Former Philly Mag editor Tom McGrath releases his book, Triumph of the Yuppies: America, the Eighties, and the Creation of an Unequal Nation, on June 4th./ Book jacket art courtesy of Hachette Book Group; Photograph of Tom McGrath by Jeff Fusco

Like any big city, Philadelphia has been shaped by many factors through the years. Among the most significant? The impact of sophisticated, well-educated “young urban professionals” of the late 1970s and early 1980s — a.k.a. much-buzzed about (and eventually much-loathed) Yuppies.

 It was Yuppies who played a role in bringing a new energy to Center City (and elevating our restaurant scene), while also gentrifying certain Philly neighborhoods and collectively contributing to a broadening of the educational and economic divide.
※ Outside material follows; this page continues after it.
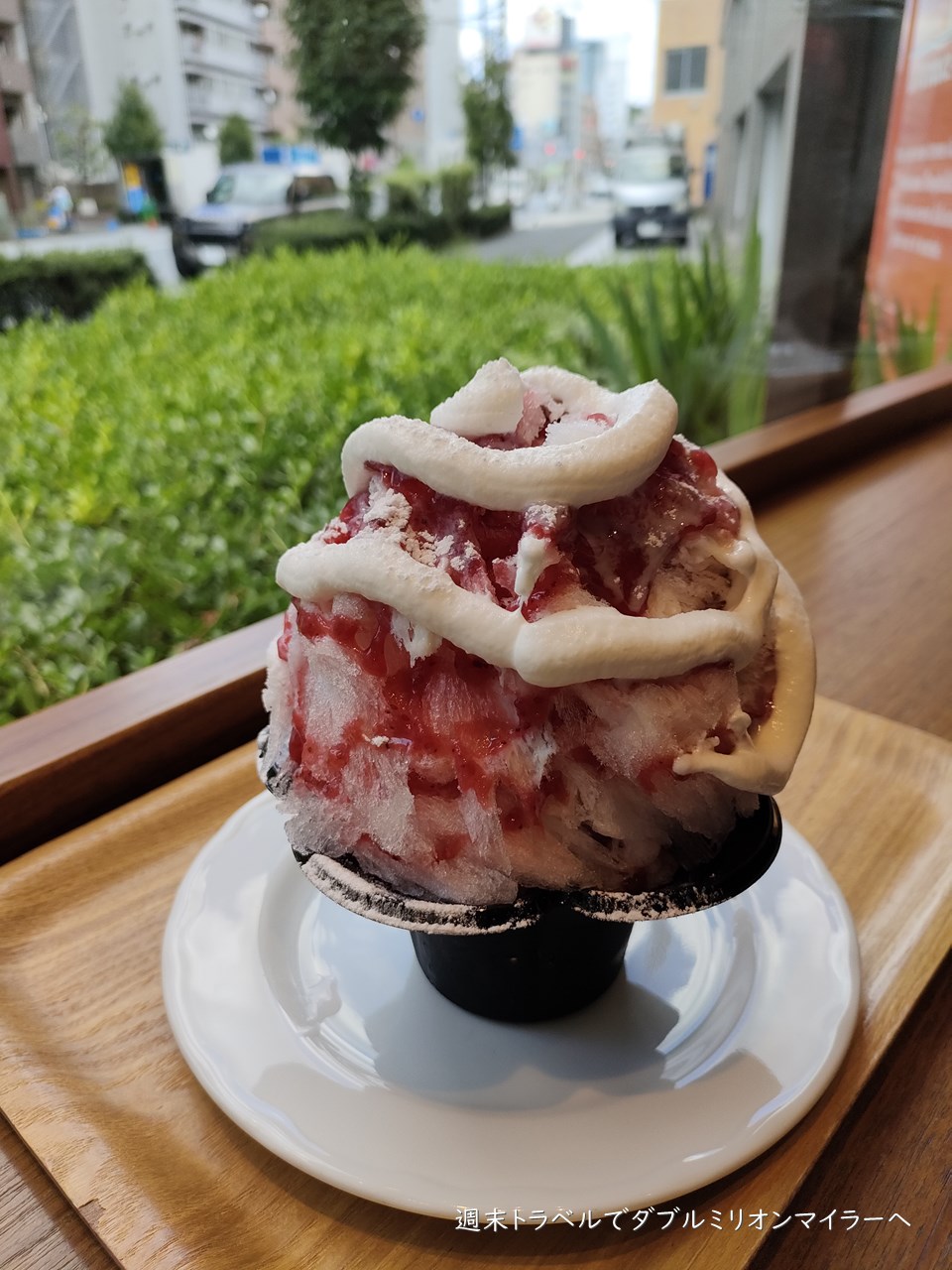 店頭には、かき氷の看板が出ています。パティスリーでかき氷のイメージがなかったのですが、我が家が良く行く曙橋の「ラヴィドゥース」でも夏はかき氷メニューがありますので、最近はパティスリーでかき氷に取り組むお店が増えているのかもしれません。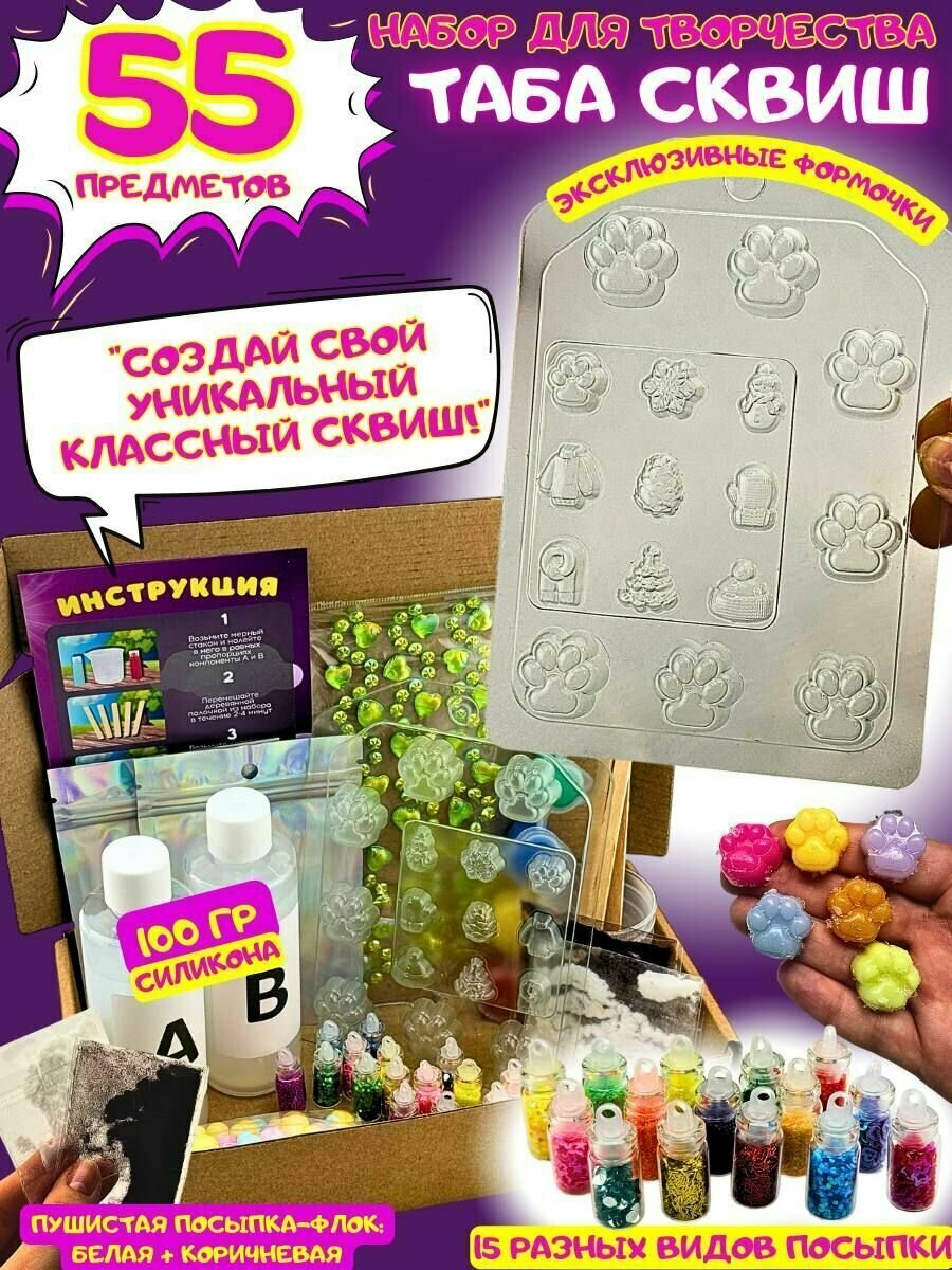 Игрушка антистресс для рук Таба Сквиш Кошачья лапка котика для детей/ Набор для создания Сквишей 55 предметов интересное:

 In an excerpt from his new book, Triumph of the Yuppies: America, the Eighties, and the Creation of an Unequal Nation, former Philly Mag editor Tom McGrath details how a cadre of college-educated Baby Boomers began putting their stamp on the city, and how Philadelphia played a vital role in creating the broader 1980s Yuppie phenomenon.

yuppies

Triumph of the Yuppies

In the summer of 1980, as Ronald Reagan readied himself to accept the Republican nomination for president, a new restaurant was opening in Center City. Actually, Frog, as it was called, wasn’t really new new. The original version of the restaurant had opened seven years earlier in a tiny storefront space around the corner, the creation of an affable young Penn grad named Steve Poses. That Frog was a funky, offbeat place with mismatched furniture, lots of potted ferns, and an overabundance of frog decorations — the kind of  relaxed space where Poses had imagined his friends from college might hang out and discuss the issues of the day.

But something extraordinary happened at the original Frog: It had become, very quickly, a mini sensation. Poses’s friends did come, and so did a lot of people just like them, and then so did a lot of other curious Philadelphians. They were attracted by the buzz, but also by Frog’s vibe — so different from the fine dining restaurants in Philadelphia — and by its food: a mix of dishes that took traditional French cuisine, lightened it, then mixed in Asian and American influences. Poses himself wrote the menu on a blackboard twice a day — once for lunch, then again for dinner. Eventually, he decided he could afford two blackboards.

The original Frog was such a hit that Poses was emboldened to expand his operation. In 1977, he launched what was essentially a modern gourmet cafeteria a few blocks away — a place called the Commissary that opened early in the morning and didn’t close until late and was unlike anything Philly had ever seen. The Commissary was an even bigger hit than Frog, and Poses kept going. He launched a catering operation, then a gourmet market attached to the Commissary, then another upscale cafeteria across town called Eden. Now, finally, he’d decided it was time to redo his original creation, Frog. His customers weren’t grad students anymore, and they were ready for something more grown‐up. And so he was moving Frog into an elegant town house on Locust Street, confident loyal Frogsters would be happy to move with him.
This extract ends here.